Genes involved in protein degradation by ubiquitin-mediated proteolytic function displayed low levels of transcripts during early development (up to the blastula stage). From the beginning of the early gastrula stage, these genes increased their transcript levels (Figure 4B; Dataset S19). Most of the genes encoding the proteasome subunits are involved in ubiquitin-mediated proteolysis (Figure 4C). Ubiquitin-mediated proteolysis and regulation of cell differentiation through the notch signaling pathway has been described previously [54]. In zebrafish, an involvement of the ubiquitin pathway in the degradation of paired-like homeobox gene Vsx1 has been reported [55]. From the present array data, significant expression of proteasome subunits could be detected from the late blastula stage. The expression patterns of proteasome subunits and ubiquitin conjugating enzymes present a global view of transcriptional regulation of genes behind the ubiquitin-dependent proteolytic pathway during zebrafish development.

Analysis of Gene Expression during Somitogenesis

Initiation of organogenesis in the embryo is accomplished by a set of structural genes and the transcription factors that modulate their expression. We have taken somitogenesis as an example and analyzed a subset of genes involved in this process. Broadly, somitogenesis can be divided into an early phase where the paraxial mesoderm is subdivided in a rostrocaudal pattern into blocks of cells called somites and a subsequent phase of cell differentiation within the somites where somatic cells acquire a variety of distinct dorsoventral and mediolateral fates. In zebrafish, the dorsolateral somitic mesodermal cells contribute to muscle development. Consistent with this, most of the muscle-specific protein (MSP) genes commenced expression during early somitogenesis, and they steadily increased their transcript abundance in positive correlation with somite formation. From the array expression data, the transcripts for MSP genes were first detected around 11 hpf (Figure 4D; Dataset S20), and, subsequently, their transcript levels increased in accordance with the progress of somitogenesis. We compared the expression of selected MSP genes from arrays with Northern blot analysis of the same genes reported earlier [56], and the results were identical. Therefore, array analysis faithfully recapitulated the data obtained from single gene analysis (Northern or WISH).

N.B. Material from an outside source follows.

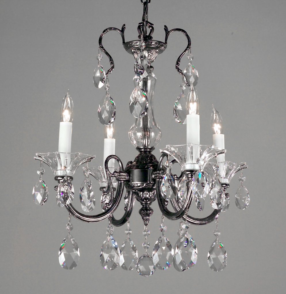 Deep chased Spanish solid brass castings are skillfully assembled with hand-etched 24% lead crystal columns and bobeches making magnificent chandeliers and wall scones. A careful sprinkling of light crystal trim, gives the collection a clean, subtle but elegant look.

Distinct classes of genes encoding transcriptional regulators are expressed dynamically during somitogenesis in all vertebrates and precede the onset of MSP gene expression. The activities of members of the bHLH transcription factors, namely hairy (h), Enhancer of split (E spl), and hairy-related, have been shown to play critical roles during somitogenesis in vertebrates. Analysis of the zebrafish bHLH family of h/E (spl)-related genes has shown the involvement of hairy related 9 (her9-) [57], her1-, her4-, her6-, and her7- [58,59] in somitogenesis. Our array data clearly revealed that most of these transcription factors (mespa-, mespb-, mef2a-, mef2c-, mef2d-, foxc1a, and a number of her genes) commenced their expression prior to the onset of muscle-specific gene expression (Figure 4E). These results revealed that global analysis of gene expression using microarrays could detect a cascade of gene activity involved in somitogenesis in the zebrafish. Similar analyses could be extended to explore the expression patterns of genes involved in other organ systems.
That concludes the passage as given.